In terms of descriptions of what a UI needs to be to qualify as usable, Cooper totally glosses over important concepts such as context. He ignores any Cost-Benefit analysis of designing and building this "no-training, no-maintenance system", blithely asserting that achieving that software (mirage) will reap all rewards. No proof, again, let alone an attempt to prove it would even be feasible.
The problem in programming is not that programmers are ill equipped or unprepared to solve the problems (though some may be), it is that no-one is demanding it of them in a coherent fashion.
Programmers are still being pushed to add 'features' buttons, wizards, gizmos and gadgets of little purpose because marketeers know they need to be able to print it on the box, and that is needed to generate the revenue.
Some programmers have the mindset he characterises, they are hardly very influential. Lack of proper requirements gathering, design, and industry-wide experience of very late, swingeing specification changes cause the problems. Programmers aren't to blame, even anti-social ones, the marketeers aren't, or the pushy ill-informed managers, the customer isn't either, but, at the same time, we all are. What we see is the consequence of nobody really knowing what they want, still less clearly stating, but everyone wanting to stamp their influence on the end product. Nice conspiracy theory Cooper, but it is nonsensical in the real world.
All the evidence sadly refutes Coopers Business Case. Products which demonstrate brilliant consideration of their target users fail miserably to make an impact (or a profit).
Look at the few of case studies of his own consultancy work he is able to offer;
1. A piece of support software for Logitech to bundle with their page scanners. = Logitech got out of the scanner market some time ago, didn't help their sales obviously.
2. Drumbeat web authoring. Well reviewed in its industry journals but scored poorly for ease of use. Elemental Software was bought out by Macromedia, Drumbeat was discontinued shortly after.
3. His in-flight entertainment (IFE) system (Clevis, et al.) for Sony Trans Com. Bought out by a competitor, Rockwell Collins, 2 years ago. Their new IFE will now be run, in their words, "on an industry standard Microsoft windows platform", Coopers system is not their flagship at all.
Now I am not going to say I think Cooper's advise for UI design is poor, or that his design methodologies are wrong. I think he is right in most of what he asserts there. It is just all based on flawed reasoning and syllogisms, and furthermore, most of it is not ground-breaking or even new ... there are plenty of good books out there discussing usability and making recommendations which are far more realistic and thoroughly presented than Cooper's descriptions of how he runs his consultancy. And he still has to demonstrate examples of where applying those principles won't cause you to crash and burn.

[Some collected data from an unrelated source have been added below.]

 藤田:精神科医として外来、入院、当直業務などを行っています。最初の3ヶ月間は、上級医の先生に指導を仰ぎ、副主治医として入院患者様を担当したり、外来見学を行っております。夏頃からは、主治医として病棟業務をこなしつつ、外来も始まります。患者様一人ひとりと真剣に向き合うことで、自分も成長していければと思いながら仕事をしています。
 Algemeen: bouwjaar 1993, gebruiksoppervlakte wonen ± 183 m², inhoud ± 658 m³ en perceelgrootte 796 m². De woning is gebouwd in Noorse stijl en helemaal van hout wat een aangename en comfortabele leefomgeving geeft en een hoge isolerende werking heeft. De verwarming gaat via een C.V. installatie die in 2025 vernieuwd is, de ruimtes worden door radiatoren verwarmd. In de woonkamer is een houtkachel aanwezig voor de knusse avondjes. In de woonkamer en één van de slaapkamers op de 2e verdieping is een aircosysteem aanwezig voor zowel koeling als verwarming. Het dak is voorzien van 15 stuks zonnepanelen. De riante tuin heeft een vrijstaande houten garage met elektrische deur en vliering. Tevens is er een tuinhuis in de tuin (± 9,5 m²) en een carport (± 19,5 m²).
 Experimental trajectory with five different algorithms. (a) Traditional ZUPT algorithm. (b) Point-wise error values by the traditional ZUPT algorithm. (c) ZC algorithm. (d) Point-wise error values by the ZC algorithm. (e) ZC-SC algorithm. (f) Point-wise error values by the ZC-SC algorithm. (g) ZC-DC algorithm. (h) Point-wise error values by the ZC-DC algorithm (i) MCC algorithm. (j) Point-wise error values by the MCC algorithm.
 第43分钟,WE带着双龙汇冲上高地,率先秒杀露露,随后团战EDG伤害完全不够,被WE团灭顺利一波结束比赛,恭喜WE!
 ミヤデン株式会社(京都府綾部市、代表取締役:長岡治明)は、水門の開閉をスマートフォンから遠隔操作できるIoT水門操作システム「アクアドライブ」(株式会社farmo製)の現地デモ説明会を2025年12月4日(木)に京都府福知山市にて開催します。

Cooper is presenting arguments firmly directed at those who are outside this industry and relying on their ignorance of what goes on. He plays on Technophobia and peddles misinformation. He very cleverly characterises programmers as having something to protect and a reason to be put on the defensive by what he says, in doing so appears to be trying to pre-empt responses and criticisms from technically informed readers. This has (as can be seen from the mudslinging here) unhelpfully stifled debate on his assertions. As Cooper is clearly intelligent and experienced enough to be aware of the flaws I identified, I can only conclude he was having a wry giggle with this book.
The book's populist slant and claim to have "the solution" are very appealing to some, and almost guaranteed its success. Sadly, it contributes little of use to a known and serious set of problems.